Instructions for the task: The task calls for the lines below from the line with "Pandeglang - Banten" to the line with "Men's Retro Polar", both ends included, copied exactly, without any pictures.

Exercise inputs:
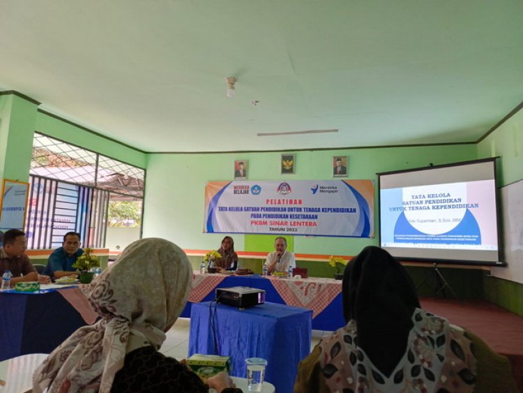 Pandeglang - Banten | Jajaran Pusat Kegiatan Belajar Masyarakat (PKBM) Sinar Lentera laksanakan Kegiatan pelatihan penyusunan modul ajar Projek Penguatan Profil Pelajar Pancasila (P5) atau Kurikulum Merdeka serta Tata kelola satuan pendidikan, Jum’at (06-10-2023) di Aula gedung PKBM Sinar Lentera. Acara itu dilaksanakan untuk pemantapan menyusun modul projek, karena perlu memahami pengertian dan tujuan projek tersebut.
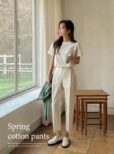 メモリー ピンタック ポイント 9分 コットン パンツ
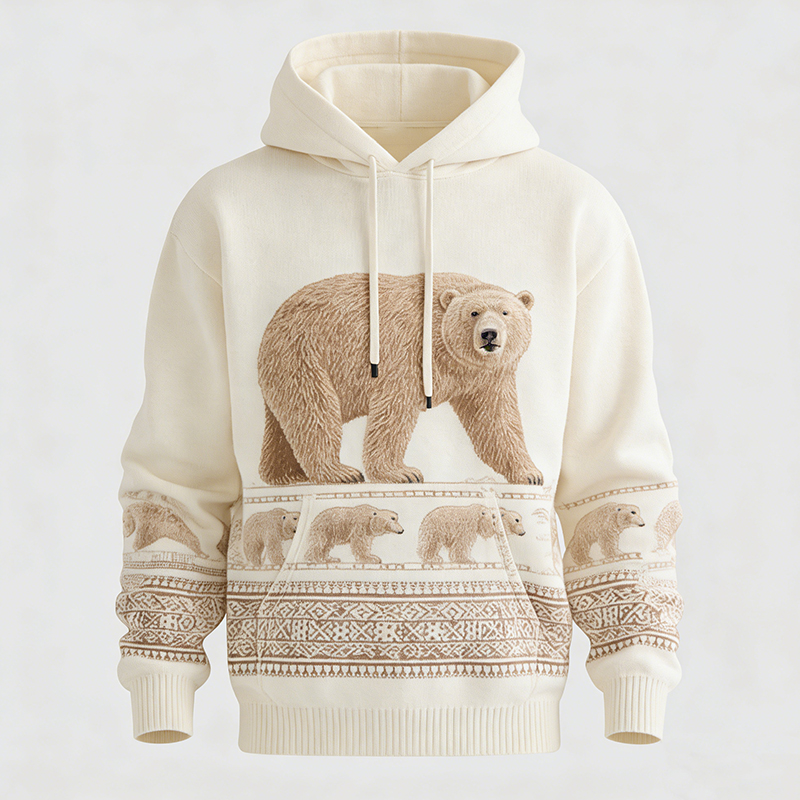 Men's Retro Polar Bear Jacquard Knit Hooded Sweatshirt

...

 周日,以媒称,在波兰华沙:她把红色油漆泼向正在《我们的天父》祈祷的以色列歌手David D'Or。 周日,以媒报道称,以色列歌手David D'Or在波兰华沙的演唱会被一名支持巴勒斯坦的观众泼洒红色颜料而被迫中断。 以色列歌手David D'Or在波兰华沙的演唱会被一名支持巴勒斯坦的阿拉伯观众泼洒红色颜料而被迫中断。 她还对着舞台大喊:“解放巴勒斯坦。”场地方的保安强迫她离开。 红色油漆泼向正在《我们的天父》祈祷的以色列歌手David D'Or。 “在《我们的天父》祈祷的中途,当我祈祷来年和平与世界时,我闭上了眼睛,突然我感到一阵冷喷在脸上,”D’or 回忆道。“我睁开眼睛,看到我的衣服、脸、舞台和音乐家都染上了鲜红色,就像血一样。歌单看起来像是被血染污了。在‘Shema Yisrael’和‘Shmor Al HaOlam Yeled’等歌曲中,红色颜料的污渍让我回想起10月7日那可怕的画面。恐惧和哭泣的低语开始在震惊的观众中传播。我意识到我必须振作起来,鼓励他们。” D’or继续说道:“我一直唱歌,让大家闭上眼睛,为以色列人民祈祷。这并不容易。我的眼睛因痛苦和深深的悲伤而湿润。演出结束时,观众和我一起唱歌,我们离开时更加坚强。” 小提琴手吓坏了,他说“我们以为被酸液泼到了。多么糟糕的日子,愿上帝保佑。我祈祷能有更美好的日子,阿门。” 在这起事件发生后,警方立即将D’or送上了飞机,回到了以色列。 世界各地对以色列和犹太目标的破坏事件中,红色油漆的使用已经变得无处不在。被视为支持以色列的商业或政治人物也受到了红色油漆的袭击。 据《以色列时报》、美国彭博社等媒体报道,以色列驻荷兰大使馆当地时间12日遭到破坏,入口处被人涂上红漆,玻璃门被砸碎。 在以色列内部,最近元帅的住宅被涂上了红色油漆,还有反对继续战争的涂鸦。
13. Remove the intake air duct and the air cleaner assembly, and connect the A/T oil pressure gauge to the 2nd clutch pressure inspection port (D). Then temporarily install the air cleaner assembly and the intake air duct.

...

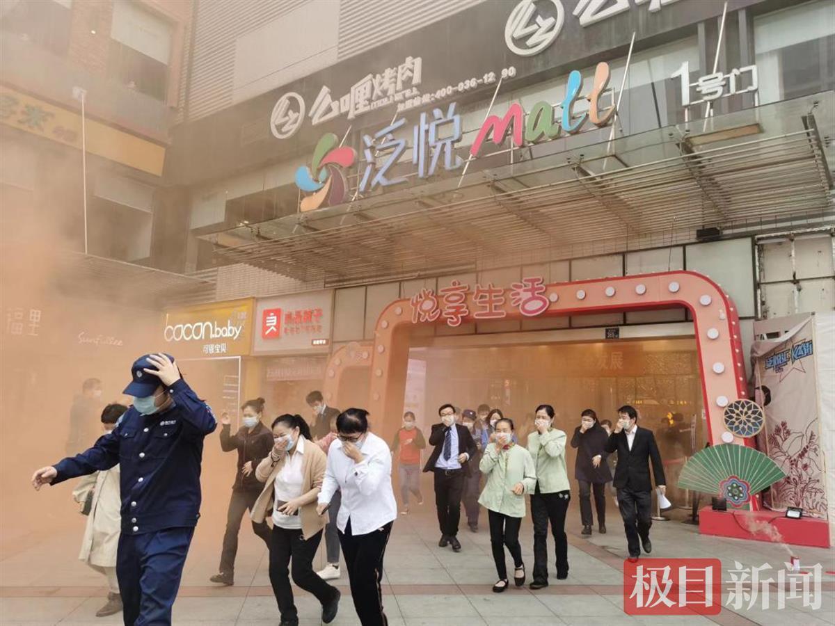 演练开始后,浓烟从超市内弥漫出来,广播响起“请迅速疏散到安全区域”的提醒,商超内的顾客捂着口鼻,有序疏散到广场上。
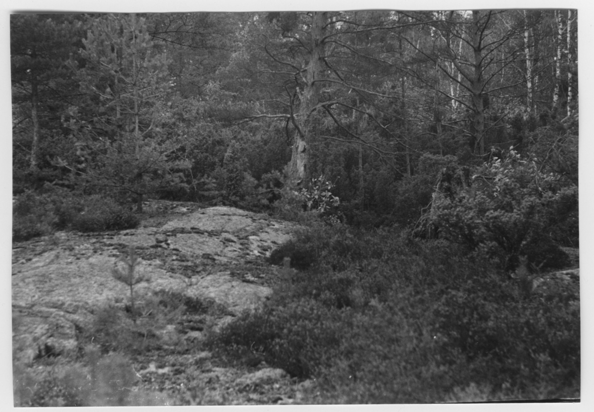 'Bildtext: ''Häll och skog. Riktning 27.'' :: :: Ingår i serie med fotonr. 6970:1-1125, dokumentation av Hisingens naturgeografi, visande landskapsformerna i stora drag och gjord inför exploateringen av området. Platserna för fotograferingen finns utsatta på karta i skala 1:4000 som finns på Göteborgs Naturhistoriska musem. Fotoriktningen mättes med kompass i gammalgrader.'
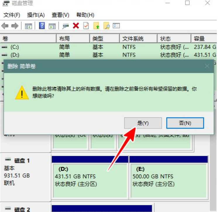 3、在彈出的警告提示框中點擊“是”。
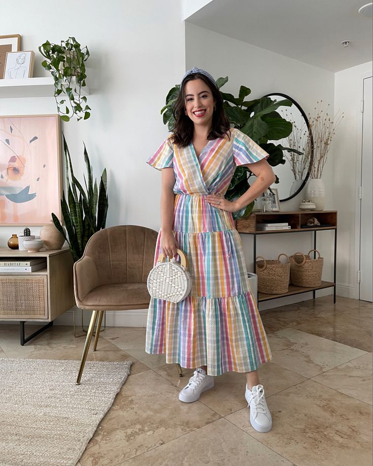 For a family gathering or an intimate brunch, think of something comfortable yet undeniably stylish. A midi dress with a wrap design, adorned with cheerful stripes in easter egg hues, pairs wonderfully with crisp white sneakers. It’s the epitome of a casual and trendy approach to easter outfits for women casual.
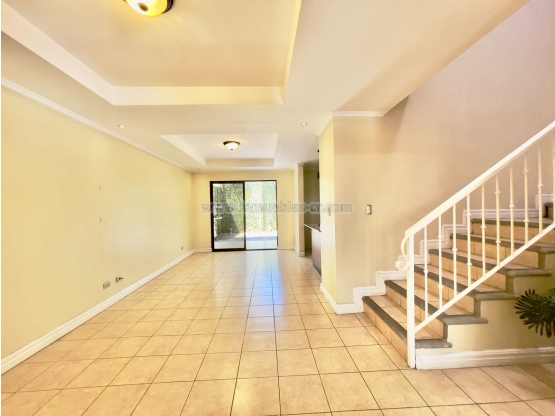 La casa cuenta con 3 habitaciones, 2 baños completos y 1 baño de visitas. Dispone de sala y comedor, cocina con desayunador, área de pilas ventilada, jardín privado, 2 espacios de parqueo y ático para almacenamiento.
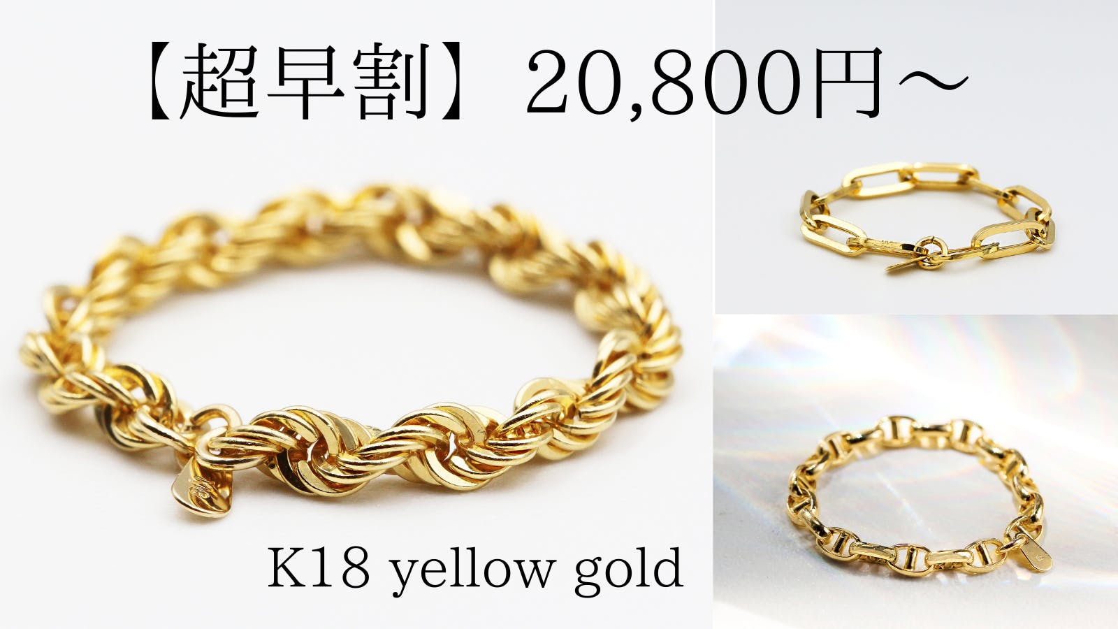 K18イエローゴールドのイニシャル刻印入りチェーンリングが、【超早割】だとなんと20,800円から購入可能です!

Result:
 Pandeglang - Banten | Jajaran Pusat Kegiatan Belajar Masyarakat (PKBM) Sinar Lentera laksanakan Kegiatan pelatihan penyusunan modul ajar Projek Penguatan Profil Pelajar Pancasila (P5) atau Kurikulum Merdeka serta Tata kelola satuan pendidikan, Jum’at (06-10-2023) di Aula gedung PKBM Sinar Lentera. Acara itu dilaksanakan untuk pemantapan menyusun modul projek, karena perlu memahami pengertian dan tujuan projek tersebut.
 メモリー ピンタック ポイント 9分 コットン パンツ
 Men's Retro Polar Bear Jacquard Knit Hooded Sweatshirt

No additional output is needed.